## WHAT YOU ARE ASKED TO DO
Your task is to transcribe the records exactly, skipping every image.
===== MATERIALS PROVIDED =====
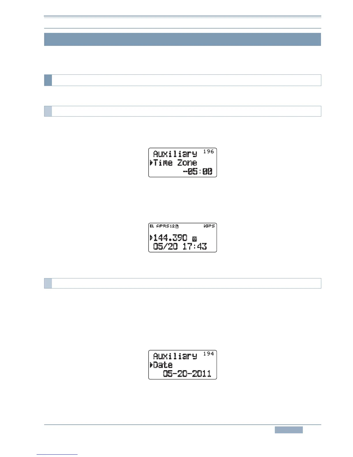 To enter the time in your local zone, select Menu 196 (Auxiliary-Time Zone).
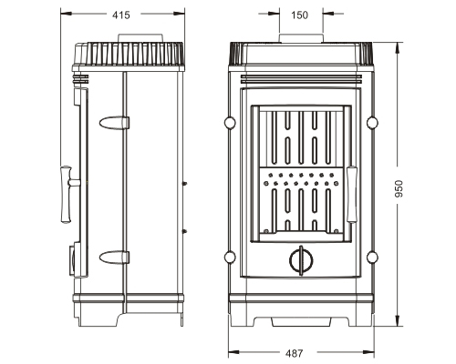 Salida de humos 150 mm.
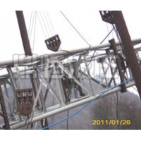 (3)液压提升设备的安装、就位液压提升设备可以分别安装、就位。当所有油路全部接通后,让千斤顶处于松卡状态,先进行全过程试验2^-3次(不加压),然后再进行额定油压试验,观察各油路系统有无泄漏等异常现象,同时检查液压控制柜工作是否正常。接着进行空载试验,检查液压顶的往复运动、提升杆的步进动作及上下卡头的卡紧性能是否可靠。发现不正常应作调整。一切正常后,就可将提升架底板与罐底板焊牢。至此,液压提升设备的安装、就位即完成。
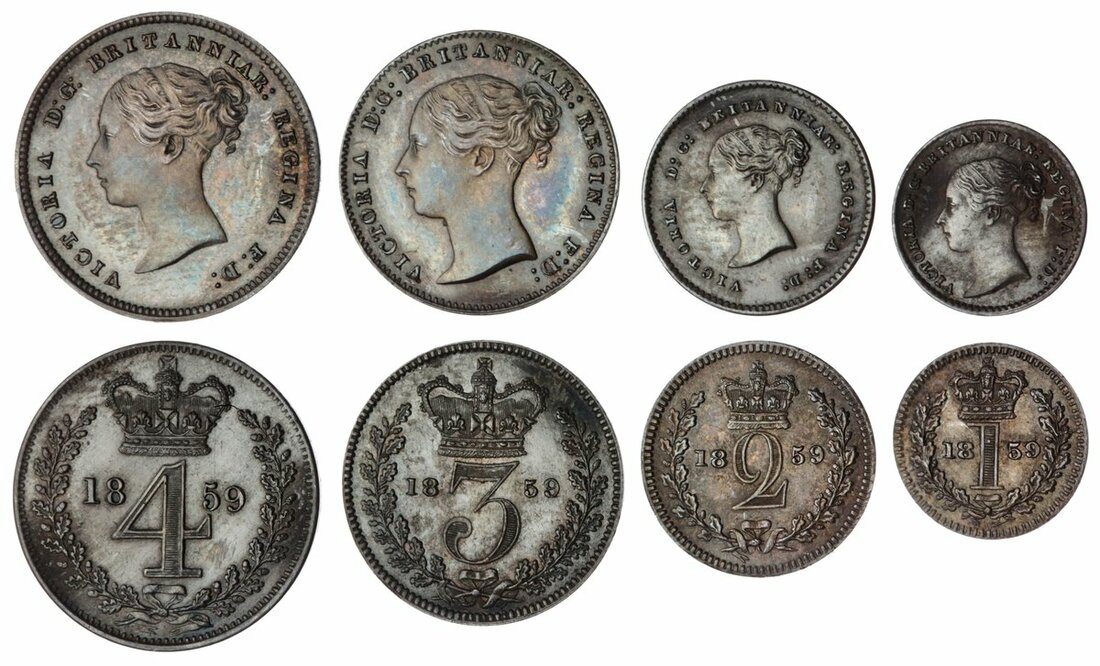 Victoria (1837-1901), 'Young Head' Maundy Set, 1859, young head left, rev. crowned mark of value, edge plain (Bull 3504; ESC 2470; Spink 3916), darkly toned and residually lustrous, near extremely fine (4)
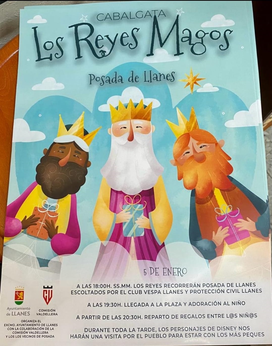 En Posada SS. MM. los Reyes recorrerán las calles en Cabalgata a partir de las 18:00 h, escoltados por el Club de Vespas de Llanes y Protección Civil de Llanes. Se espera la llegada final de Melchor, Gaspar y Baltasar a la plaza a las 19:30 h para proceder a la Adoración del Niño. Y a partir de las 20:30 h se realizará un reparto de juguetes entre los niños y niñas de la localidad.
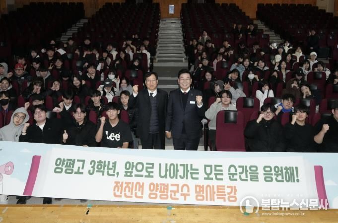 불탑뉴스신문사 차복원 기자 | 양평군은 지난 30일 양평고등학교 대극장에서 3학년 학생 120여 명을 대상으로 ‘꿈을 향한 준비, 밝은 내일의 시작’을 주제로 명사 특강을 진행했다고 밝혔다.
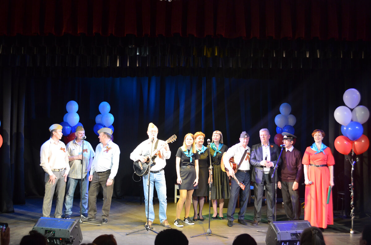 78 лет прошло со дня окончания самой страшной и разрушительной войны. Наша страна давно залечила раны. Заколосились хлеба на истерзанной земле. Из руин поднялись современные города. Но каждый год день 9 Мая отмечается всей страной как ДЕНЬ ВЕЛИКОЙ ПОБЕДЫ, ДЕНЬ РАДОСТИ И ТОРЖЕСТВА, БЕССМЕРТНОЙ СЛАВЫ И СВЕТЛОЙ ПАМЯТИ ГЕРОЕВ. По многолетней традиции накануне Дня Победы в Городском доме культуры им.Н.Островского прошел праздничный концерт Клуба бардовской песни «Встреча». Любовь Королева, Наталья Решетнева, Александр Пипчук, Сергей Гусев, Дмитрий Демин, Людмила Калинкина и другие артисты пели о войне и про войну и, конечно, о любви. Это были «Ах, эти тучи в голубом» И. Блантера, «Снегири» Ю. Антонова, «Воспоминание о пехоте» Ю. Визбора, «Журавли» Я. Френкеля, «Давно мы дома не были» В. Соловьева-Седова, «Казаки в Берлине» братьев Покрасс и другие.
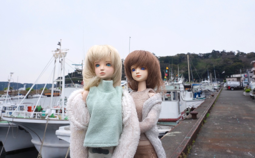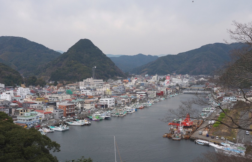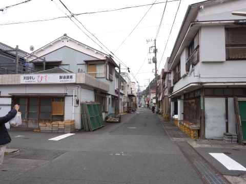 市街地の散策を開始です。まずは漁港、そしてひもの通り。
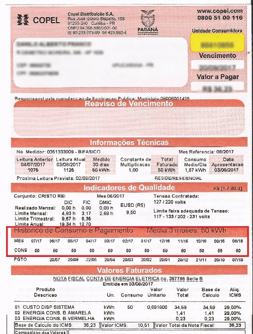 Realizando a média de consumo desses meses obtemos um valor mais exato e melhor dimensionamento para cada caso.
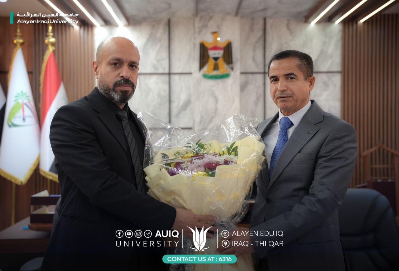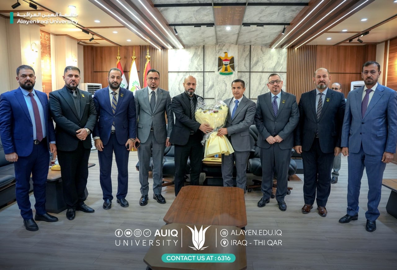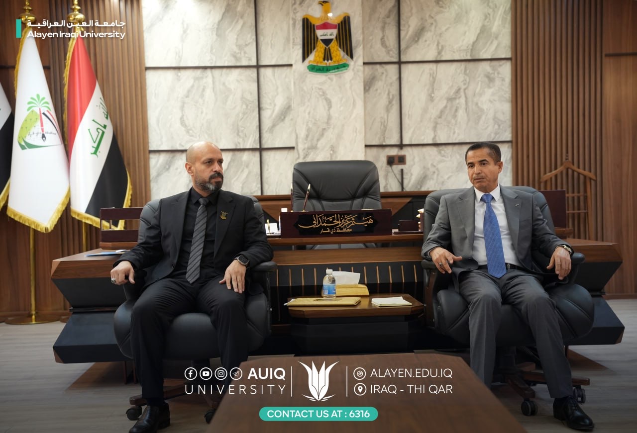 The Chancellor of Al-Ayen University, Prof. Dr. Haider A. Marhoon congratulated Mr. Haitham Al-Hamdani, on assuming the position of Governor of Dhi Qar during an official visit to the governorate headquarters.
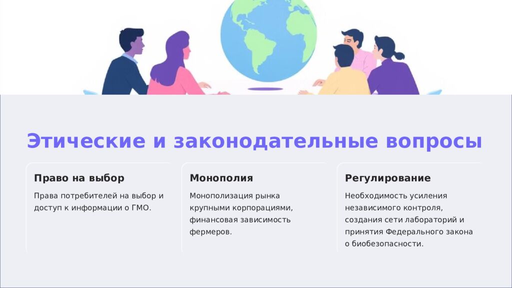 Этические и законодательные вопросы Право на выбор Права потребителей на выбор и доступ к информации о ГМО. Монополия Монополизация рынка крупными корпорациями, финансовая зависимость фермеров. Регулирование Необходимость усиления независимого контроля, создания сети лабораторий и принятия Федерального закона о биобезопасности.
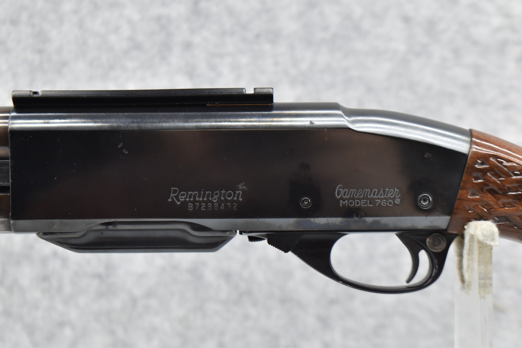 463R. Remington – Mod. 760 Gamemaster – 308 Win. Cal. Pump Action Rifle – w/22” Barrel w/Ramp Blade Front & Adj. Rear Sights – Blued Finish – w/Basketweave Checkered Capped Pistol Grip Deluxe Wood Stocks w/Raised Cheek Piece w/Factory Butt Plate – w/Factory Detachable Magazine – w/Scope Mounting Rail
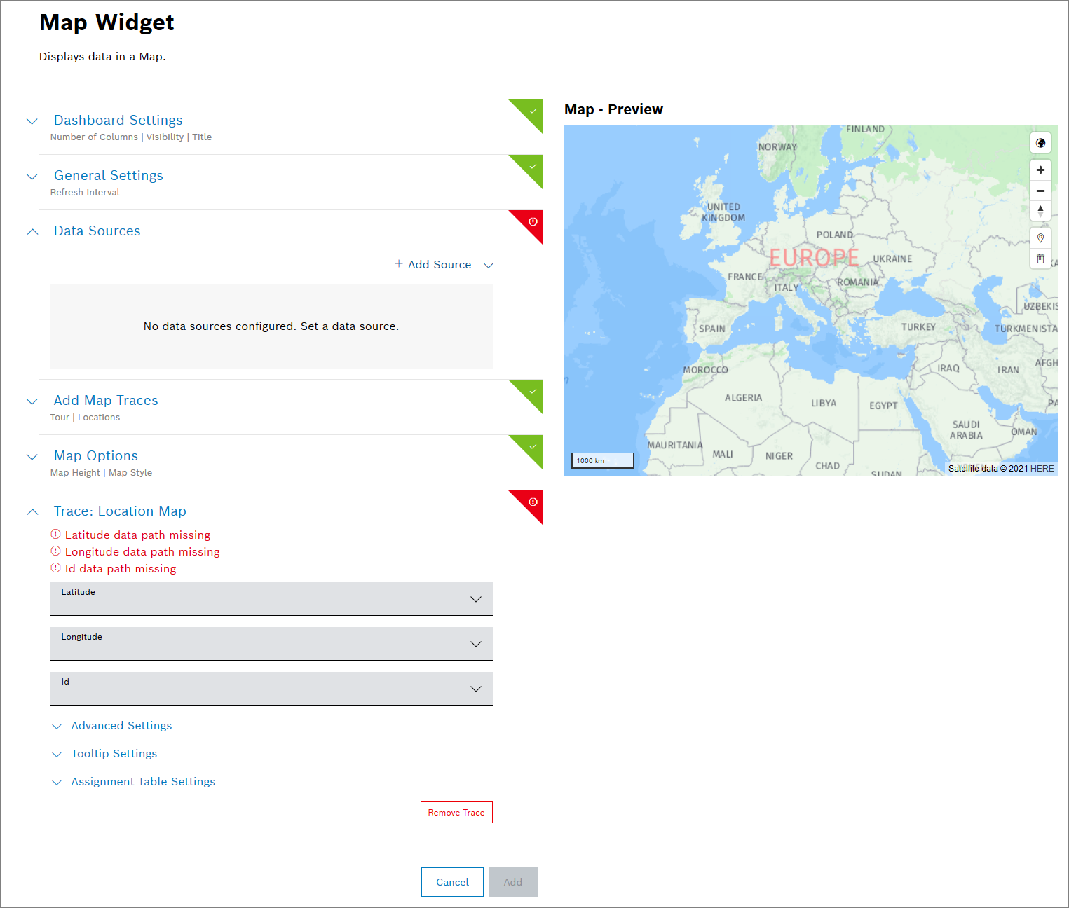 Open the Data Sources pane to configure the data source for the widget.
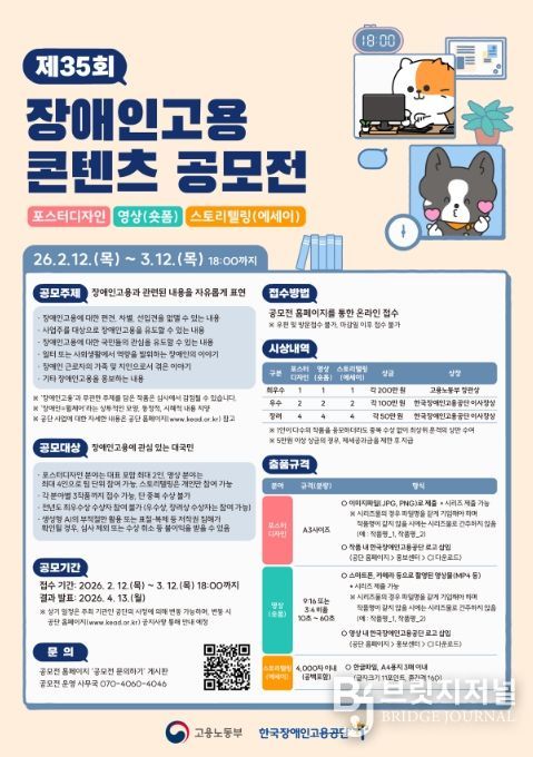 브릿지저널 김경미 기자 | 고용노동부와 한국장애인고용공단이 '2026년 제35회 장애인고용 콘텐츠 공모전'을 개최한다.
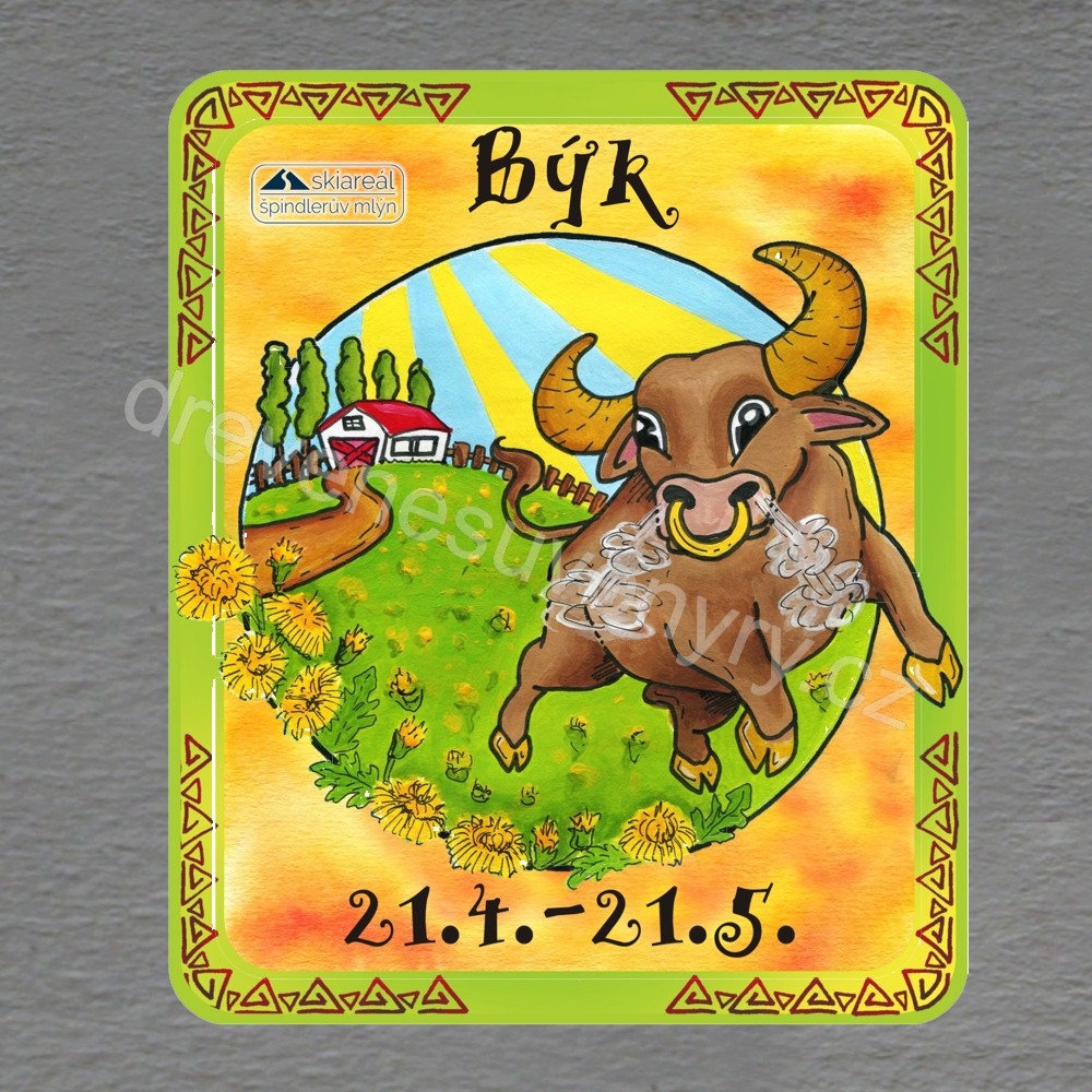 Špindlerův Mlýn - Skiareál - kresba - znamení zvěrokruhu Býk - magnet obdélník dvojitý
=====
## EXERCISE OUTPUT
 To enter the time in your local zone, select Menu 196 (Auxiliary-Time Zone).
 Salida de humos 150 mm.
 (3)液压提升设备的安装、就位液压提升设备可以分别安装、就位。当所有油路全部接通后,让千斤顶处于松卡状态,先进行全过程试验2^-3次(不加压),然后再进行额定油压试验,观察各油路系统有无泄漏等异常现象,同时检查液压控制柜工作是否正常。接着进行空载试验,检查液压顶的往复运动、提升杆的步进动作及上下卡头的卡紧性能是否可靠。发现不正常应作调整。一切正常后,就可将提升架底板与罐底板焊牢。至此,液压提升设备的安装、就位即完成。
 Victoria (1837-1901), 'Young Head' Maundy Set, 1859, young head left, rev. crowned mark of value, edge plain (Bull 3504; ESC 2470; Spink 3916), darkly toned and residually lustrous, near extremely fine (4)
 En Posada SS. MM. los Reyes recorrerán las calles en Cabalgata a partir de las 18:00 h, escoltados por el Club de Vespas de Llanes y Protección Civil de Llanes. Se espera la llegada final de Melchor, Gaspar y Baltasar a la plaza a las 19:30 h para proceder a la Adoración del Niño. Y a partir de las 20:30 h se realizará un reparto de juguetes entre los niños y niñas de la localidad.
 불탑뉴스신문사 차복원 기자 | 양평군은 지난 30일 양평고등학교 대극장에서 3학년 학생 120여 명을 대상으로 ‘꿈을 향한 준비, 밝은 내일의 시작’을 주제로 명사 특강을 진행했다고 밝혔다.
 78 лет прошло со дня окончания самой страшной и разрушительной войны. Наша страна давно залечила раны. Заколосились хлеба на истерзанной земле. Из руин поднялись современные города. Но каждый год день 9 Мая отмечается всей страной как ДЕНЬ ВЕЛИКОЙ ПОБЕДЫ, ДЕНЬ РАДОСТИ И ТОРЖЕСТВА, БЕССМЕРТНОЙ СЛАВЫ И СВЕТЛОЙ ПАМЯТИ ГЕРОЕВ. По многолетней традиции накануне Дня Победы в Городском доме культуры им.Н.Островского прошел праздничный концерт Клуба бардовской песни «Встреча». Любовь Королева, Наталья Решетнева, Александр Пипчук, Сергей Гусев, Дмитрий Демин, Людмила Калинкина и другие артисты пели о войне и про войну и, конечно, о любви. Это были «Ах, эти тучи в голубом» И. Блантера, «Снегири» Ю. Антонова, «Воспоминание о пехоте» Ю. Визбора, «Журавли» Я. Френкеля, «Давно мы дома не были» В. Соловьева-Седова, «Казаки в Берлине» братьев Покрасс и другие.
 市街地の散策を開始です。まずは漁港、そしてひもの通り。
 Realizando a média de consumo desses meses obtemos um valor mais exato e melhor dimensionamento para cada caso.
 The Chancellor of Al-Ayen University, Prof. Dr. Haider A. Marhoon congratulated Mr. Haitham Al-Hamdani, on assuming the position of Governor of Dhi Qar during an official visit to the governorate headquarters.
 Этические и законодательные вопросы Право на выбор Права потребителей на выбор и доступ к информации о ГМО. Монополия Монополизация рынка крупными корпорациями, финансовая зависимость фермеров. Регулирование Необходимость усиления независимого контроля, создания сети лабораторий и принятия Федерального закона о биобезопасности.
 463R. Remington – Mod. 760 Gamemaster – 308 Win. Cal. Pump Action Rifle – w/22” Barrel w/Ramp Blade Front & Adj. Rear Sights – Blued Finish – w/Basketweave Checkered Capped Pistol Grip Deluxe Wood Stocks w/Raised Cheek Piece w/Factory Butt Plate – w/Factory Detachable Magazine – w/Scope Mounting Rail
 Open the Data Sources pane to configure the data source for the widget.
 브릿지저널 김경미 기자 | 고용노동부와 한국장애인고용공단이 '2026년 제35회 장애인고용 콘텐츠 공모전'을 개최한다.
 Špindlerův Mlýn - Skiareál - kresba - znamení zvěrokruhu Býk - magnet obdélník dvojitý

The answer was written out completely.